我在Python工作,我有以JSON格式存储的数据。 我想编译与某个键对应的所有数据。例如
{"menu": {
"header": "SVG Viewer",
"items": [
{"id": "Open"},
{"id": "OpenNew", "label": "Open New"},
null,
{"id": "ZoomIn", "label": "Zoom In"},
{"id": "ZoomOut", "label": "Zoom Out"},
{"id": "OriginalView", "label": "Original View"},
null,
{"id": "Quality"},
{"id": "Pause"},
{"id": "Mute"},
null,
{"id": "Find", "label": "Find..."},
{"id": "FindAgain", "label": "Find Again"},
{"id": "Copy"},
{"id": "CopyAgain", "label": "Copy Again"},
{"id": "CopySVG", "label": "Copy SVG"},
{"id": "ViewSVG", "label": "View SVG"},
{"id": "ViewSource", "label": "View Source"},
{"id": "SaveAs", "label": "Save As"},
null,
{"id": "Help"},
{"id": "About", "label": "About Adobe CVG Viewer..."}
]
}}
我想将所有“标签”键的内容编译成列表。
有没有办法在没有“走下树”的情况下做到这一点,即无需迭代包含的键(“menu”>>“item”>>“label”)?

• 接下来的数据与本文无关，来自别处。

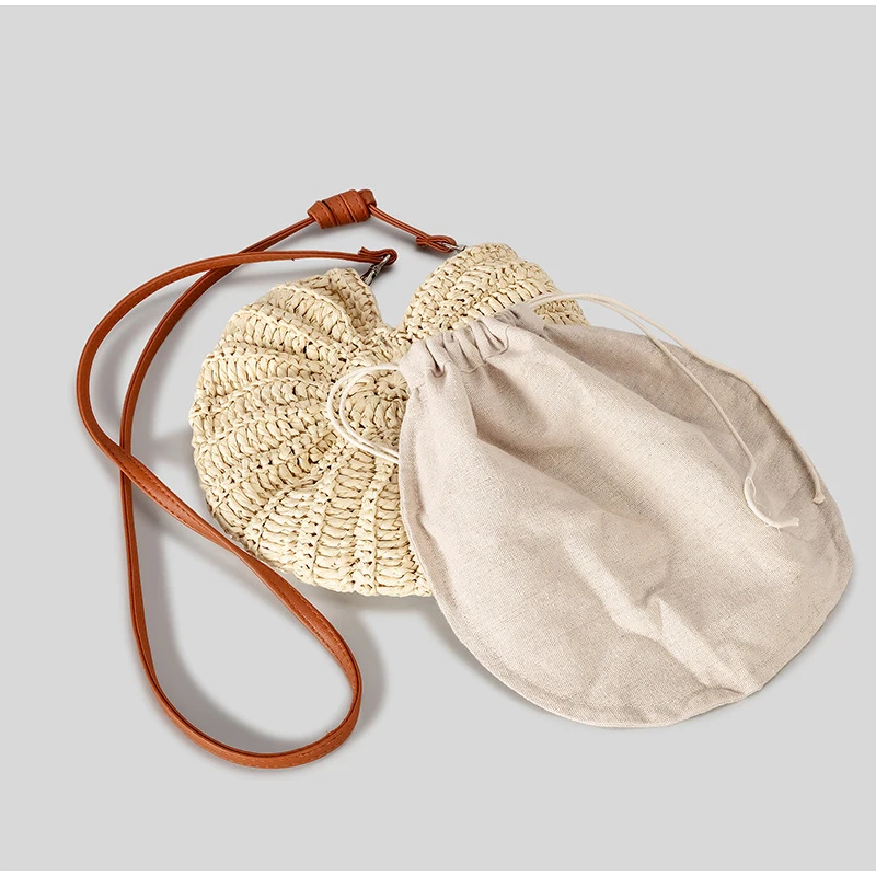 Summer Round Conch Grass Woven Shoulder Bag, Beach Vacation Bag, Fashionable Handbag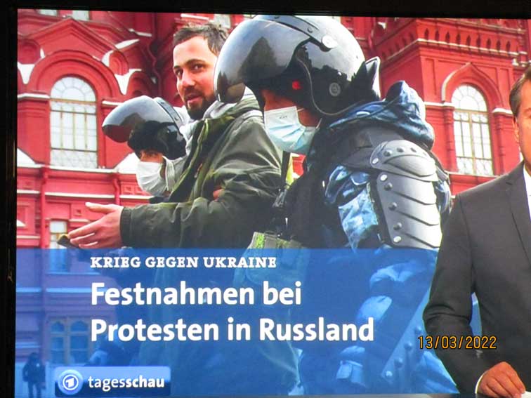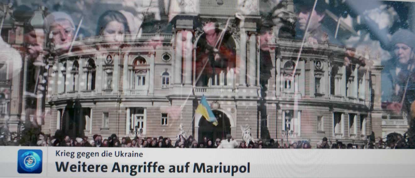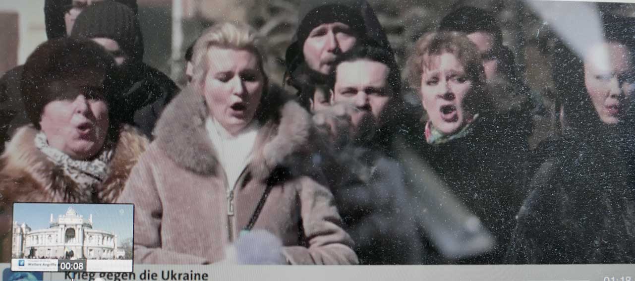 Was ist passiert. Mit fadenscheinigen einschüchternden Gründen überfällt das alte Gespenst des Kommunismus aus Moskau die Nachbarn und will sie beglücken. Mit militanten Mitteln Häuser vernichtend, erbarmunslos mit Leichen überall, Bäume überall als erste Opfer an den Strassen. Die Menschen aber wollen nicht, fliehen scharenweise, verstecken sich in Kellern, singen um ihr Leben. Selbst im eigenen Land Russlands, werden die Worte verboten, die das aussprechen und werden die Menschen verschleppt die es trotzdem wagen. Wie unter fremder Okkupation.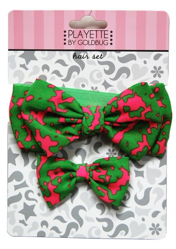Gold Bug 2P ネオンカラーヘアーセット リボンヘアーバンド&クリップ グリーン・レッド 23237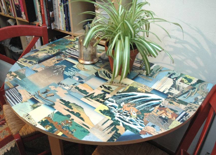 ЭтапМатериалы и инструментыРезультатПодбор материаловБумажные обои, клей ПВАПодобран стиль выполнения, основа с понравившимся изображением, дополнительные инструментыПодготовка поверхностиНаждачная бумага, шпатлевка, растворительУдалены все остатки краски, поверхность гладкая, обработана шпатлевкой и готова к дальнейшему декорированиюПроизведение замеровРулетка, нож канцелярский, карандашПроизведены замеры рабочей плоскости, отрезано полотно материала в соответствии с замерамиОсновная частьИзображение, клей ПВА, вода, валикНа поверхность приложены обои, покрыты слоем раствора воды и клея, разровненыВскрываем лакомЛак для дерева, кистьВысохший рисунок покрыт лаком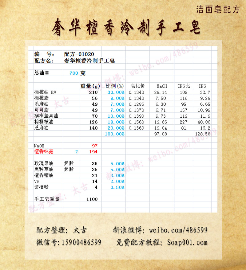 配方名称:p01020-奢华檀香冷制手工皂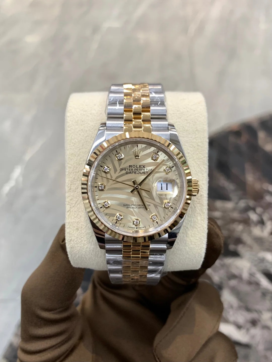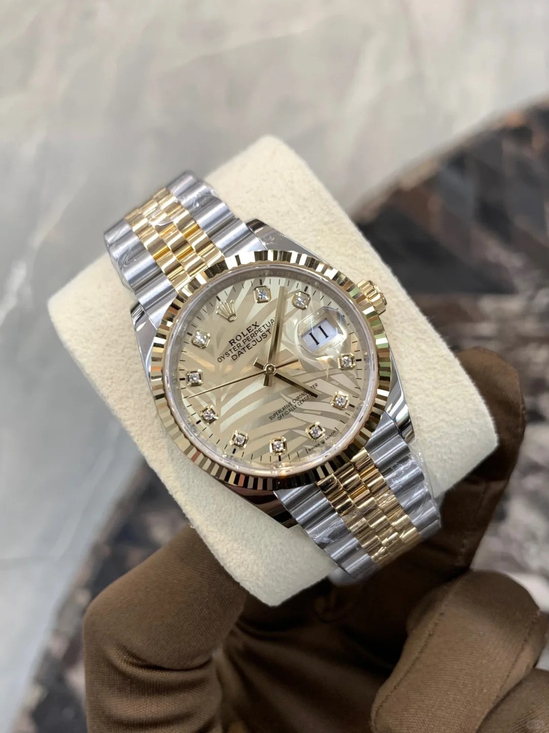 • Rolex Datejust 36 Steel & Yellow Gold Golden Palm-Motif Diamond Dial Women's Watch M126233-0043

最好是,我正在寻找一个基于JSON的解决方案,而不是使用REGEX来定位内容的技巧。
答案 0 :(得分:0)
您可以使用jsonpath_rw:
import json
from jsonpath_rw import parse
d = json.loads("""{"menu": {
"header": "SVG Viewer",
"items": [
{"id": "Open"},
{"id": "OpenNew", "label": "Open New"},
null,
{"id": "ZoomIn", "label": "Zoom In"},
{"id": "ZoomOut", "label": "Zoom Out"},
{"id": "OriginalView", "label": "Original View"},
null,
{"id": "Quality"},
{"id": "Pause"},
{"id": "Mute"},
null,
{"id": "Find", "label": "Find..."},
{"id": "FindAgain", "label": "Find Again"},
{"id": "Copy"},
{"id": "CopyAgain", "label": "Copy Again"},
{"id": "CopySVG", "label": "Copy SVG"},
{"id": "ViewSVG", "label": "View SVG"},
{"id": "ViewSource", "label": "View Source"},
{"id": "SaveAs", "label": "Save As"},
null,
{"id": "Help"},
{"id": "About", "label": "About Adobe CVG Viewer..."}
]
}}""")
get_labels = parse("menu.items[*].label")
for match in get_labels.find(d):
print match.value # value of label
请注意,这基本上可以为您“走下树”,但它的更高级别界面使其更易于使用。